Они оказались в так называемой «тихой комнате». Комната была практически пустой. На мягкой обивке стен не висело ни единой картины. Пластиковый диван, пара пластиковых стульев и стол были наглухо привинчены к полу. В комнате не было часов, а единственную лампу дневного света под потолком закрывала надежная металлическая сетка. Одним словом, в палате не имелось ни одного предмета, который мог бы служить оружием или способствовать самоубийству. В дальней стене комнаты находилась еще одна стальная дверь – даже более массивная, чем первая. Без окна. Над дверью большими буквами было написано: «Внимание! Опасность побега!»

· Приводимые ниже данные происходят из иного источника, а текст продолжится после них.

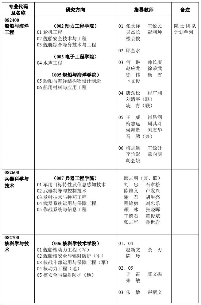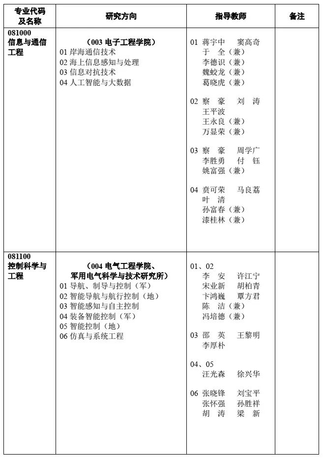 注:目錄中研究方向標注“(軍)”的為軍隊生研究方向,標注“(地)”的為地方生研究方向。未作標注的研究方向,軍隊、地方人員均可申請。

Пендергаст уселся на один из пластмассовых стульев и закинул ногу на ногу.
Пара охранников скрылась за внутренней дверью, и на несколько минут небольшая палата погрузилась в тишину, нарушаемую лишь отдаленными воплями и глухим ритмичным стуком. Затем где-то совсем близко от них прозвучал визгливый старческий голос. Женщина была чем-то явно недовольна. Дверь распахнулась, и один из охранников вкатил в комнату инвалидное кресло. Закрепленные в пяти точках смирительные кожаные ремни почти не были заметны.
В кресле, надежно привязанная, сидела престарелая чопорная дама аристократического вида. На ней было длинное платье из черной тафты и высокие, на кнопках, ботинки в викторианском стиле. Лицо дамы прикрывала черная траурная вуаль. При виде Пендергаста старая леди тут же прекратила свои протесты.
– Поднимите мне вуаль, – распорядилась она.
Один из охранников поднял кружевную ткань и, отступив на шаг, аккуратно положил на спину дамы.
Женщина внимательно посмотрела на Пендергаста, и ее древнее, покрытое коричневыми пятнами лицо слегка задрожало.
– Не могли бы вы оставить нас вдвоем? – спросил Пендергаст, поворачиваясь к Острому.
– Кто-то должен остаться, – ответил врач. – И прошу, мистер Пендергаст, держаться от пациентки чуть дальше.
– Когда я посещал ее прошлый раз, мне было позволено беседовать с моей двоюродной бабкой тет-а-тет.
– И вы прекрасно помните, что во время того визита... – довольно резко начал доктор Остром.